COLLECTED DATA Start Marker

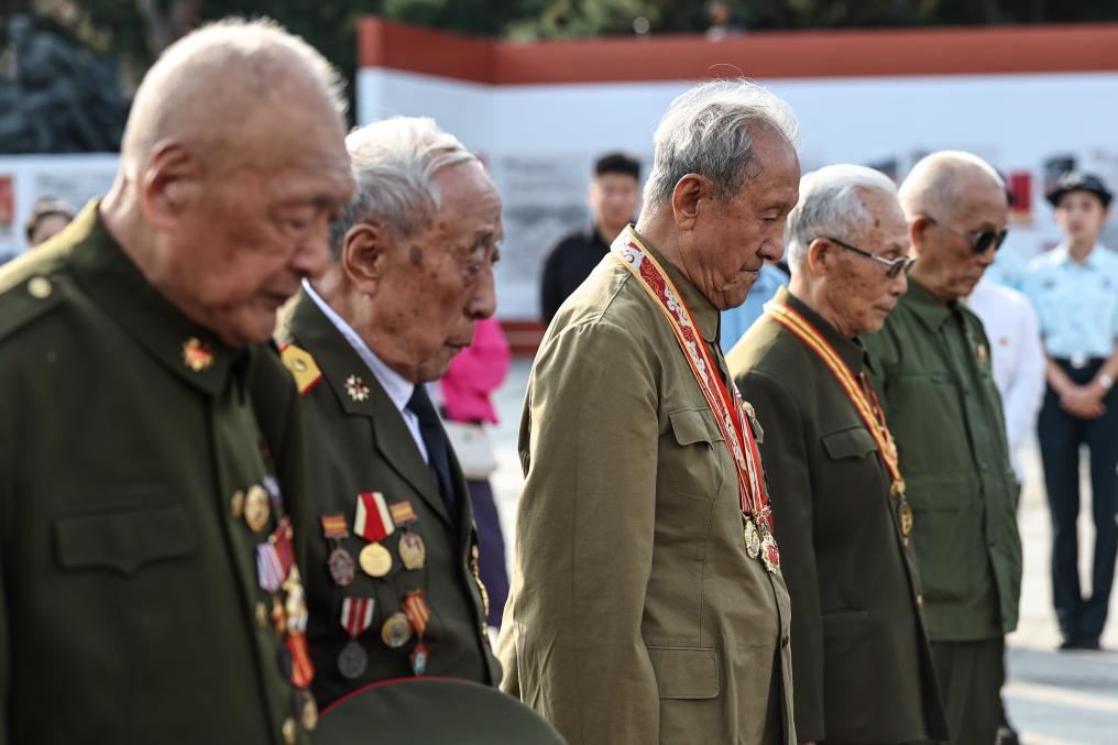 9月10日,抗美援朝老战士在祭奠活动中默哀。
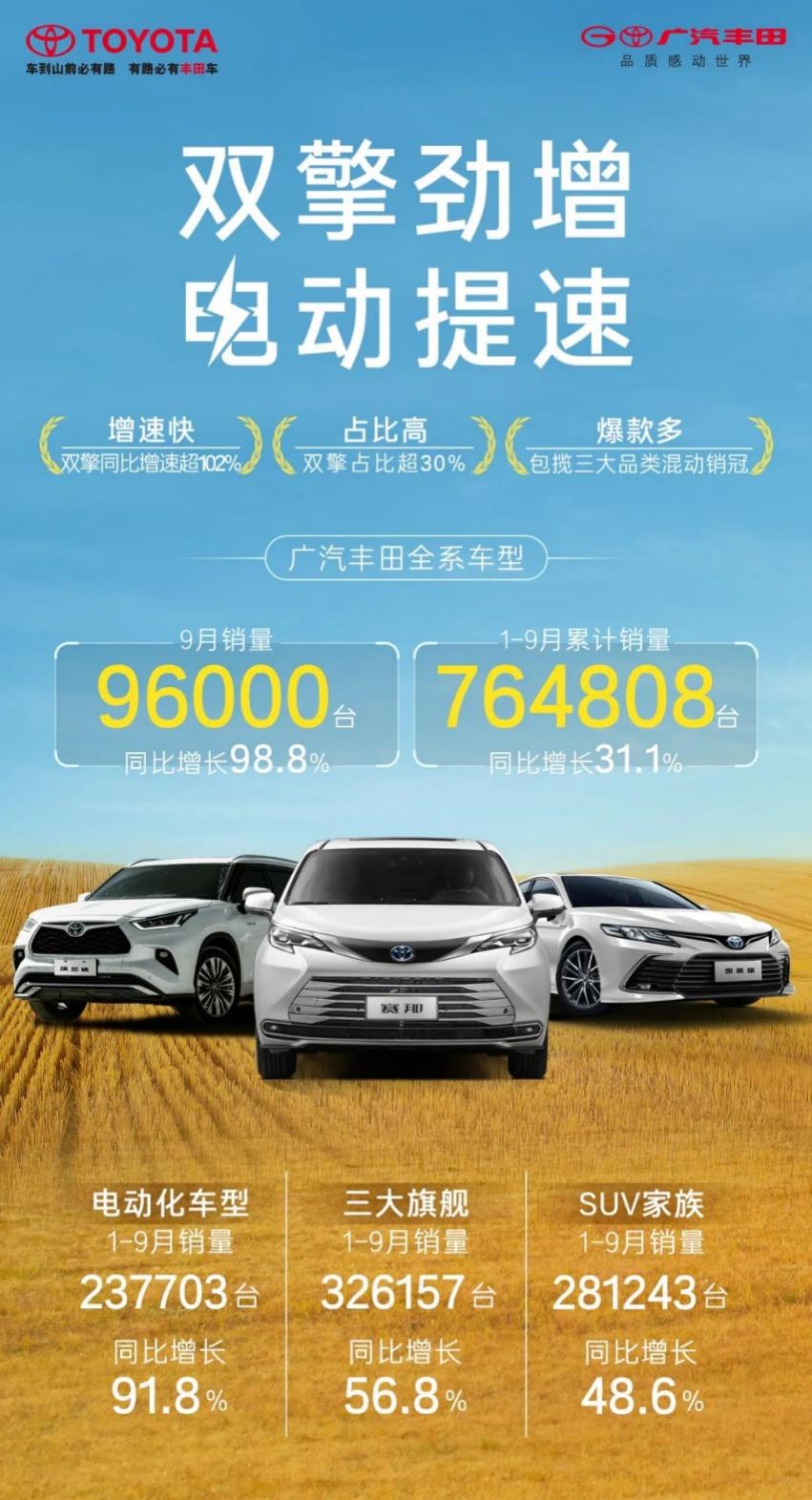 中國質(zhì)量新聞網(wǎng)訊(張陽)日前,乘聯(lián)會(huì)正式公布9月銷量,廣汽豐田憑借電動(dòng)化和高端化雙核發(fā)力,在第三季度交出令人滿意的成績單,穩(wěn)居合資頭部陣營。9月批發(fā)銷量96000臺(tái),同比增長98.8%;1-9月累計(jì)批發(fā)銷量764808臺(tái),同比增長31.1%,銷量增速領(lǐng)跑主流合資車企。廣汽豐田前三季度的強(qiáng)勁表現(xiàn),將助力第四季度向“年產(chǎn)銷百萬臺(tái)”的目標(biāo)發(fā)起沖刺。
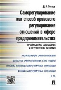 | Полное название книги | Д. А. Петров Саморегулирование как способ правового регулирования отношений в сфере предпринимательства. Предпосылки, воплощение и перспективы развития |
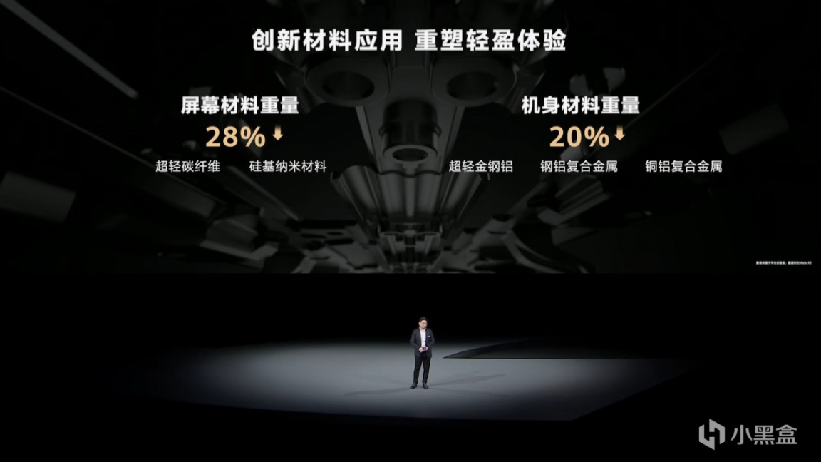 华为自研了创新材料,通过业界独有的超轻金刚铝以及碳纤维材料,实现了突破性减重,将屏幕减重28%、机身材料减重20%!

COLLECTED DATA End Marker

■ **YOUR OBJECTIVE**
Each line above is to be copied exactly, and the pictures are to be dropped.

■ **EXPECTED ANSWER**
 9月10日,抗美援朝老战士在祭奠活动中默哀。
 中國質(zhì)量新聞網(wǎng)訊(張陽)日前,乘聯(lián)會(huì)正式公布9月銷量,廣汽豐田憑借電動(dòng)化和高端化雙核發(fā)力,在第三季度交出令人滿意的成績單,穩(wěn)居合資頭部陣營。9月批發(fā)銷量96000臺(tái),同比增長98.8%;1-9月累計(jì)批發(fā)銷量764808臺(tái),同比增長31.1%,銷量增速領(lǐng)跑主流合資車企。廣汽豐田前三季度的強(qiáng)勁表現(xiàn),將助力第四季度向“年產(chǎn)銷百萬臺(tái)”的目標(biāo)發(fā)起沖刺。
 | Полное название книги | Д. А. Петров Саморегулирование как способ правового регулирования отношений в сфере предпринимательства. Предпосылки, воплощение и перспективы развития |
 华为自研了创新材料,通过业界独有的超轻金刚铝以及碳纤维材料,实现了突破性减重,将屏幕减重28%、机身材料减重20%!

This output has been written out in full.